▸ **TASK DETAILS**
Would you mind restating all of the records word for word, skipping the pictures?

——

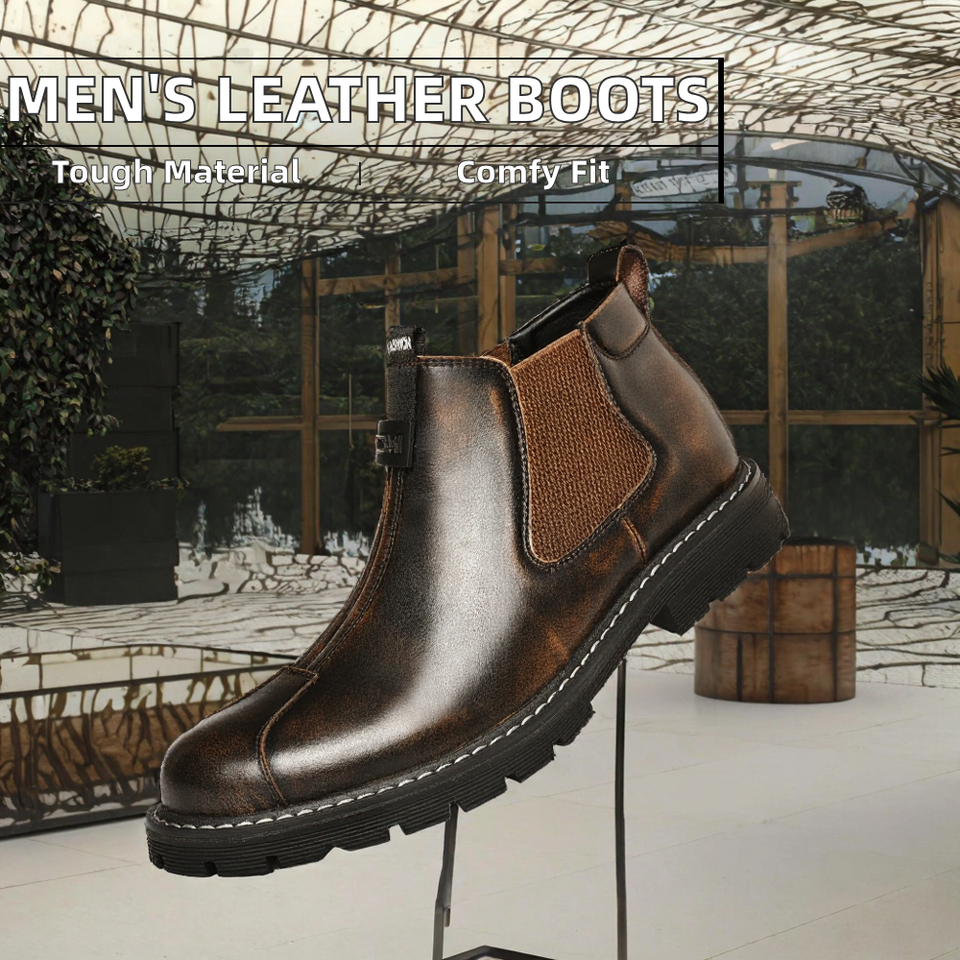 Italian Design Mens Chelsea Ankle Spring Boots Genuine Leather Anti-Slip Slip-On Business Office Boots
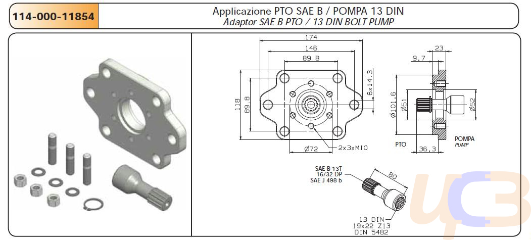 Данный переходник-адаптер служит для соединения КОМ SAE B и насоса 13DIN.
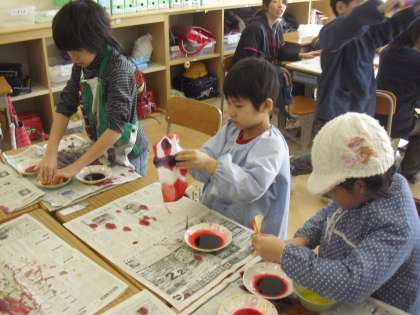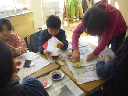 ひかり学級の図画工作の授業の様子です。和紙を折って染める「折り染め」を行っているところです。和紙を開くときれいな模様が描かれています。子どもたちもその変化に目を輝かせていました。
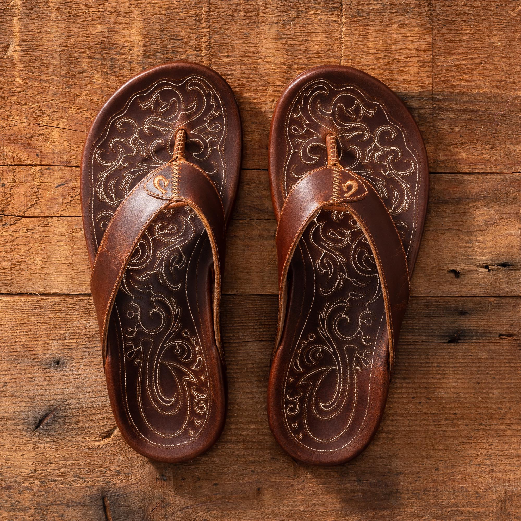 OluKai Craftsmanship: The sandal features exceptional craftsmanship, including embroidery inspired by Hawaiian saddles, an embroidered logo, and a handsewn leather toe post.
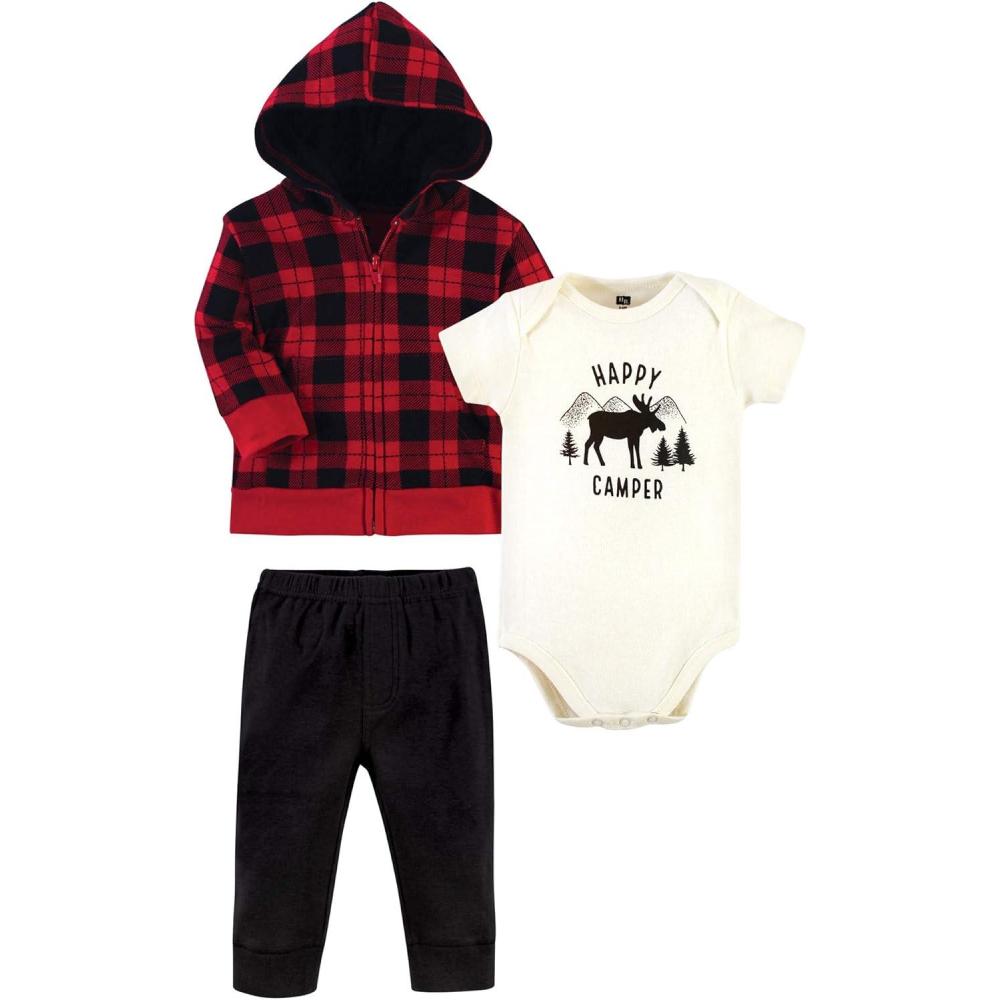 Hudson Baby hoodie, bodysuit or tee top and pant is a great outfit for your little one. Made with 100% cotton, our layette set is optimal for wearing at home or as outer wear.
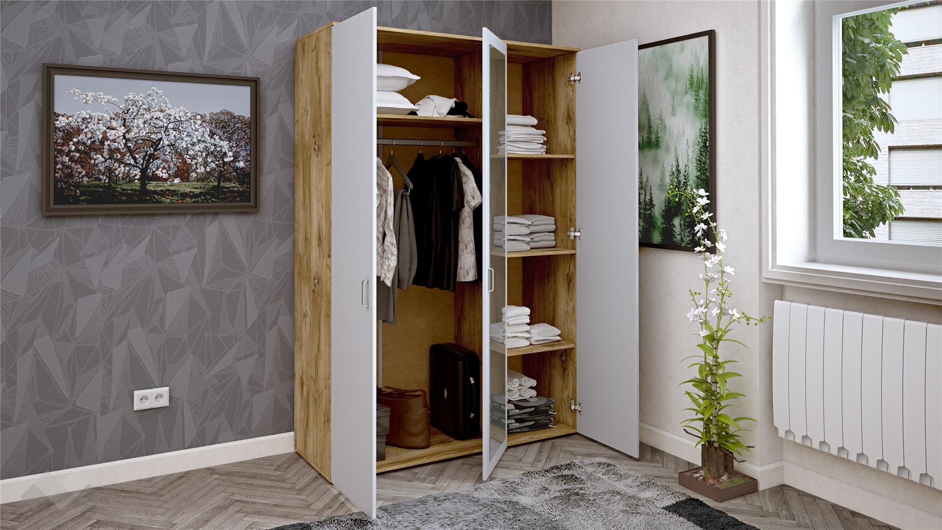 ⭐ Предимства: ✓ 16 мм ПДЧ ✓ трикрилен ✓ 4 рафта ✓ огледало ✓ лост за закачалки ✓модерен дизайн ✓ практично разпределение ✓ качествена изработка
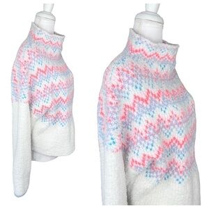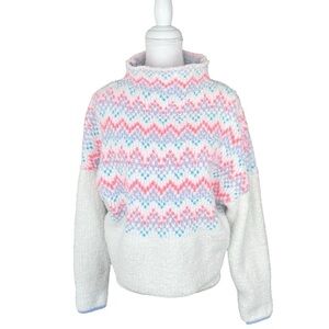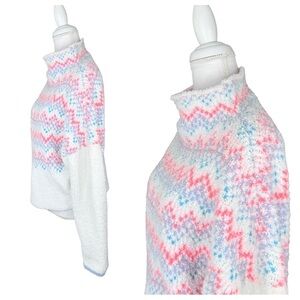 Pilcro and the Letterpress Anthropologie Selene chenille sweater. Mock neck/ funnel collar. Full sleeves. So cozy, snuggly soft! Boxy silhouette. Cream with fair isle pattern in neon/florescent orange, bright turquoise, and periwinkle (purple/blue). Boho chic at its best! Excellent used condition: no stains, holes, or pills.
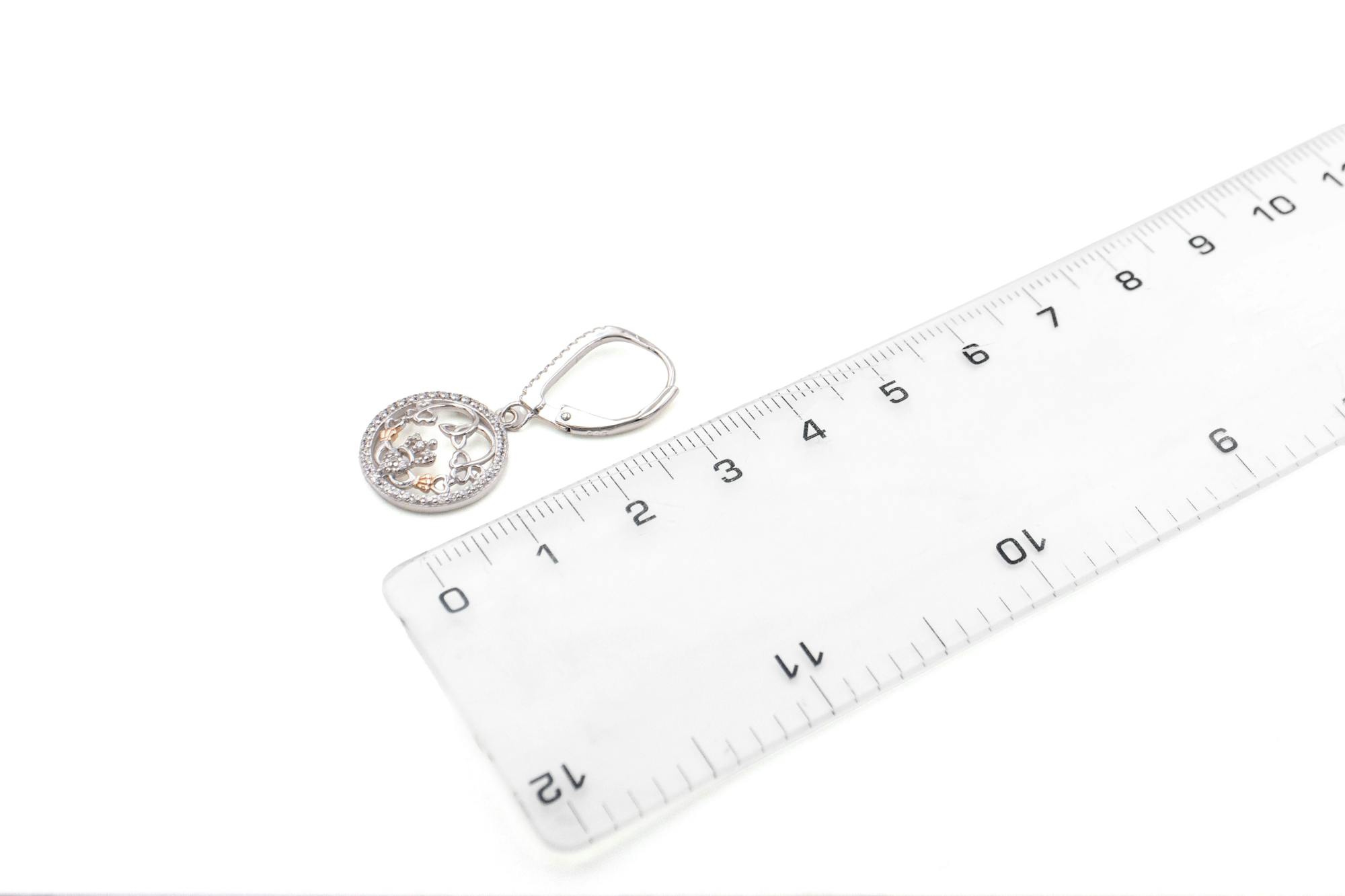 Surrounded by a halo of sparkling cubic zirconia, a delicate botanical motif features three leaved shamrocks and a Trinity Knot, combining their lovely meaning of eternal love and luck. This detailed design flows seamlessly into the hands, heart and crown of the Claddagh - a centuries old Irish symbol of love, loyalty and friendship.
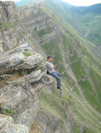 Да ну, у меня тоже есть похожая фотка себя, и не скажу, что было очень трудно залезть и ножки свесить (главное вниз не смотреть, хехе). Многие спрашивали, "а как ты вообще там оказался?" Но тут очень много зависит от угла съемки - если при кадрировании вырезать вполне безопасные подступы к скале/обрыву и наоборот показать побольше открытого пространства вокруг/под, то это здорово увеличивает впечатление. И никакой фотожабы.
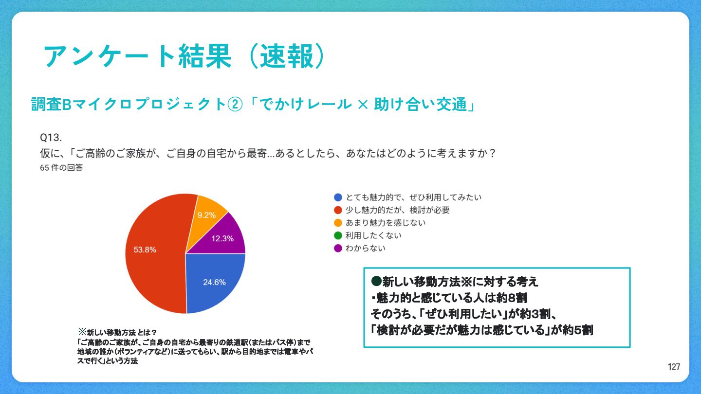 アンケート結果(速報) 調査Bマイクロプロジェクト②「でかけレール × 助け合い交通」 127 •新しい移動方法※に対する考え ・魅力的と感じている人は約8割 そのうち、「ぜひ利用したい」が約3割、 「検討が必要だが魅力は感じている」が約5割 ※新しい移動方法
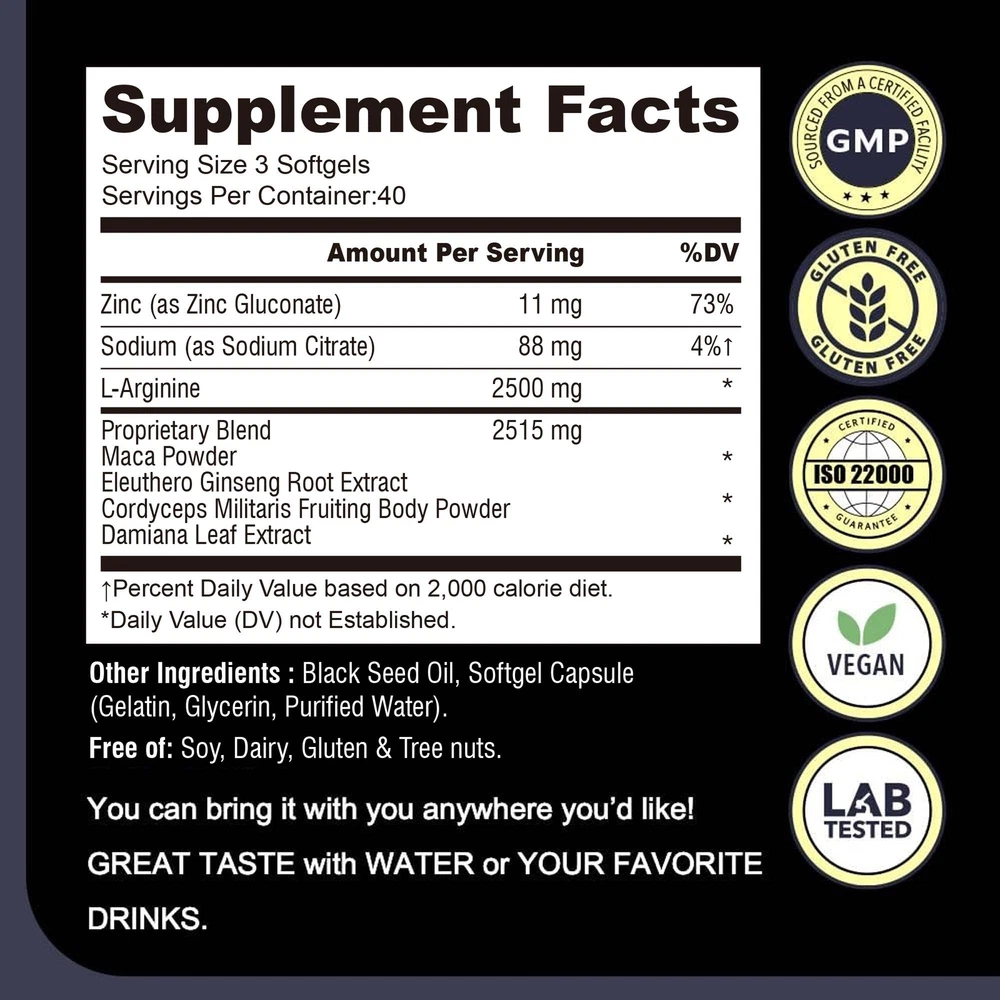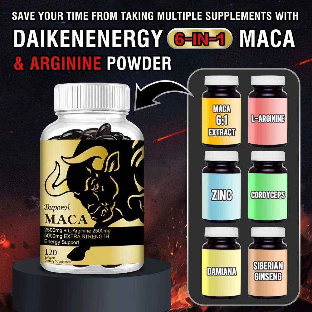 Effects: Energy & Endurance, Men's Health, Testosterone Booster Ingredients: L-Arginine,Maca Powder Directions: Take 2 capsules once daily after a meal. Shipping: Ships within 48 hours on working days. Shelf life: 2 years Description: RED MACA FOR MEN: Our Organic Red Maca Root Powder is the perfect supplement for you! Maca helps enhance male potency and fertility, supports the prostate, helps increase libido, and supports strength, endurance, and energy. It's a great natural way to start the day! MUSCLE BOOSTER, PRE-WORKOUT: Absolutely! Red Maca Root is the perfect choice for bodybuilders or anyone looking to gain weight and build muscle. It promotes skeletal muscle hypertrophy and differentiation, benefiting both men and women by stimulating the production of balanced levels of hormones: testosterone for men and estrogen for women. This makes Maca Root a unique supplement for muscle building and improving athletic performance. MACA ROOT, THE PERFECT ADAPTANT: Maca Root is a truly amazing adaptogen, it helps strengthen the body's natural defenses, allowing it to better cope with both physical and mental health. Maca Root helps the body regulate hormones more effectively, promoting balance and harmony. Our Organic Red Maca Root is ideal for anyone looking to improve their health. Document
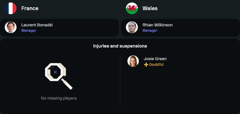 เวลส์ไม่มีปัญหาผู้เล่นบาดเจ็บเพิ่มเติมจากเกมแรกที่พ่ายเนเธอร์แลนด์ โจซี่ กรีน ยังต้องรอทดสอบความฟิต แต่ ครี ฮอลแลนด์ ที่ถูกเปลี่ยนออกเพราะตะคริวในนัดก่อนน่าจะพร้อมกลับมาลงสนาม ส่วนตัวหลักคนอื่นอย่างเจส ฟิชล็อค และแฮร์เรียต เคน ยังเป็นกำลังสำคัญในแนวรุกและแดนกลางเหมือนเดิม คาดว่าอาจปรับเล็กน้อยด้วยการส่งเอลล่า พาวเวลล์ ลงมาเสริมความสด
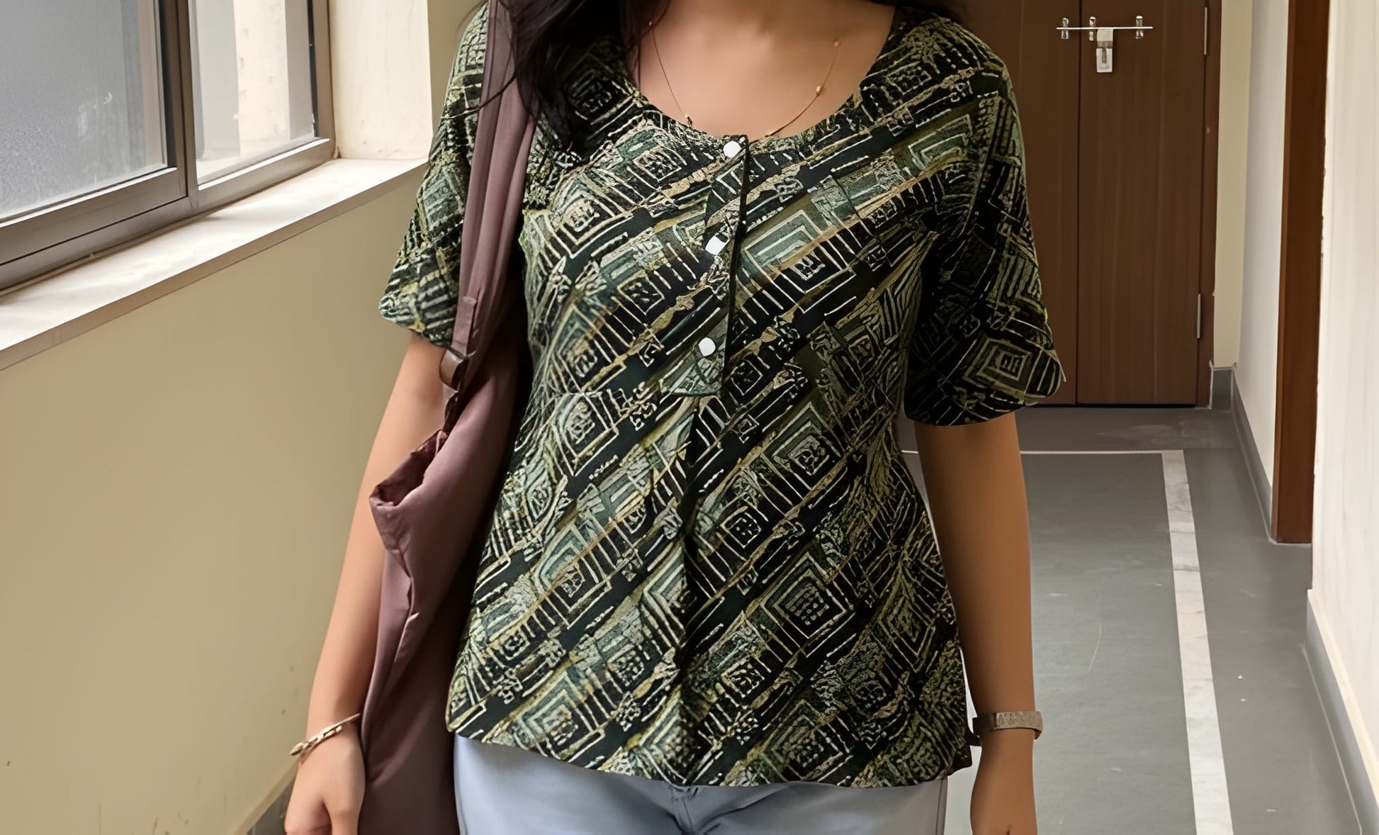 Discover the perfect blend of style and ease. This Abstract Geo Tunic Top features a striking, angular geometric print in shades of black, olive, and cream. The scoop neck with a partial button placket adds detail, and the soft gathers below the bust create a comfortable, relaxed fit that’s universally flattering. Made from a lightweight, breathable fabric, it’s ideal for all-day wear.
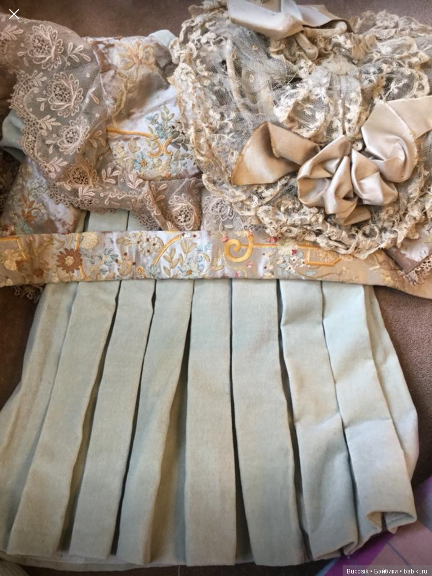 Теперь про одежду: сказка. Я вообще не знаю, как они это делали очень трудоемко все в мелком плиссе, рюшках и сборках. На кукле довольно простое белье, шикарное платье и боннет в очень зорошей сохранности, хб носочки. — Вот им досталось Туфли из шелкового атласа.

——

▸ **RESULT FOR THIS EXERCISE**
 Italian Design Mens Chelsea Ankle Spring Boots Genuine Leather Anti-Slip Slip-On Business Office Boots
 Данный переходник-адаптер служит для соединения КОМ SAE B и насоса 13DIN.
 ひかり学級の図画工作の授業の様子です。和紙を折って染める「折り染め」を行っているところです。和紙を開くときれいな模様が描かれています。子どもたちもその変化に目を輝かせていました。
 OluKai Craftsmanship: The sandal features exceptional craftsmanship, including embroidery inspired by Hawaiian saddles, an embroidered logo, and a handsewn leather toe post.
 Hudson Baby hoodie, bodysuit or tee top and pant is a great outfit for your little one. Made with 100% cotton, our layette set is optimal for wearing at home or as outer wear.
 ⭐ Предимства: ✓ 16 мм ПДЧ ✓ трикрилен ✓ 4 рафта ✓ огледало ✓ лост за закачалки ✓модерен дизайн ✓ практично разпределение ✓ качествена изработка
 Pilcro and the Letterpress Anthropologie Selene chenille sweater. Mock neck/ funnel collar. Full sleeves. So cozy, snuggly soft! Boxy silhouette. Cream with fair isle pattern in neon/florescent orange, bright turquoise, and periwinkle (purple/blue). Boho chic at its best! Excellent used condition: no stains, holes, or pills.
 Surrounded by a halo of sparkling cubic zirconia, a delicate botanical motif features three leaved shamrocks and a Trinity Knot, combining their lovely meaning of eternal love and luck. This detailed design flows seamlessly into the hands, heart and crown of the Claddagh - a centuries old Irish symbol of love, loyalty and friendship.
 Да ну, у меня тоже есть похожая фотка себя, и не скажу, что было очень трудно залезть и ножки свесить (главное вниз не смотреть, хехе). Многие спрашивали, "а как ты вообще там оказался?" Но тут очень много зависит от угла съемки - если при кадрировании вырезать вполне безопасные подступы к скале/обрыву и наоборот показать побольше открытого пространства вокруг/под, то это здорово увеличивает впечатление. И никакой фотожабы.
 アンケート結果(速報) 調査Bマイクロプロジェクト②「でかけレール × 助け合い交通」 127 •新しい移動方法※に対する考え ・魅力的と感じている人は約8割 そのうち、「ぜひ利用したい」が約3割、 「検討が必要だが魅力は感じている」が約5割 ※新しい移動方法
 Effects: Energy & Endurance, Men's Health, Testosterone Booster Ingredients: L-Arginine,Maca Powder Directions: Take 2 capsules once daily after a meal. Shipping: Ships within 48 hours on working days. Shelf life: 2 years Description: RED MACA FOR MEN: Our Organic Red Maca Root Powder is the perfect supplement for you! Maca helps enhance male potency and fertility, supports the prostate, helps increase libido, and supports strength, endurance, and energy. It's a great natural way to start the day! MUSCLE BOOSTER, PRE-WORKOUT: Absolutely! Red Maca Root is the perfect choice for bodybuilders or anyone looking to gain weight and build muscle. It promotes skeletal muscle hypertrophy and differentiation, benefiting both men and women by stimulating the production of balanced levels of hormones: testosterone for men and estrogen for women. This makes Maca Root a unique supplement for muscle building and improving athletic performance. MACA ROOT, THE PERFECT ADAPTANT: Maca Root is a truly amazing adaptogen, it helps strengthen the body's natural defenses, allowing it to better cope with both physical and mental health. Maca Root helps the body regulate hormones more effectively, promoting balance and harmony. Our Organic Red Maca Root is ideal for anyone looking to improve their health. Document
 เวลส์ไม่มีปัญหาผู้เล่นบาดเจ็บเพิ่มเติมจากเกมแรกที่พ่ายเนเธอร์แลนด์ โจซี่ กรีน ยังต้องรอทดสอบความฟิต แต่ ครี ฮอลแลนด์ ที่ถูกเปลี่ยนออกเพราะตะคริวในนัดก่อนน่าจะพร้อมกลับมาลงสนาม ส่วนตัวหลักคนอื่นอย่างเจส ฟิชล็อค และแฮร์เรียต เคน ยังเป็นกำลังสำคัญในแนวรุกและแดนกลางเหมือนเดิม คาดว่าอาจปรับเล็กน้อยด้วยการส่งเอลล่า พาวเวลล์ ลงมาเสริมความสด
 Discover the perfect blend of style and ease. This Abstract Geo Tunic Top features a striking, angular geometric print in shades of black, olive, and cream. The scoop neck with a partial button placket adds detail, and the soft gathers below the bust create a comfortable, relaxed fit that’s universally flattering. Made from a lightweight, breathable fabric, it’s ideal for all-day wear.
 Теперь про одежду: сказка. Я вообще не знаю, как они это делали очень трудоемко все в мелком плиссе, рюшках и сборках. На кукле довольно простое белье, шикарное платье и боннет в очень зорошей сохранности, хб носочки. — Вот им досталось Туфли из шелкового атласа.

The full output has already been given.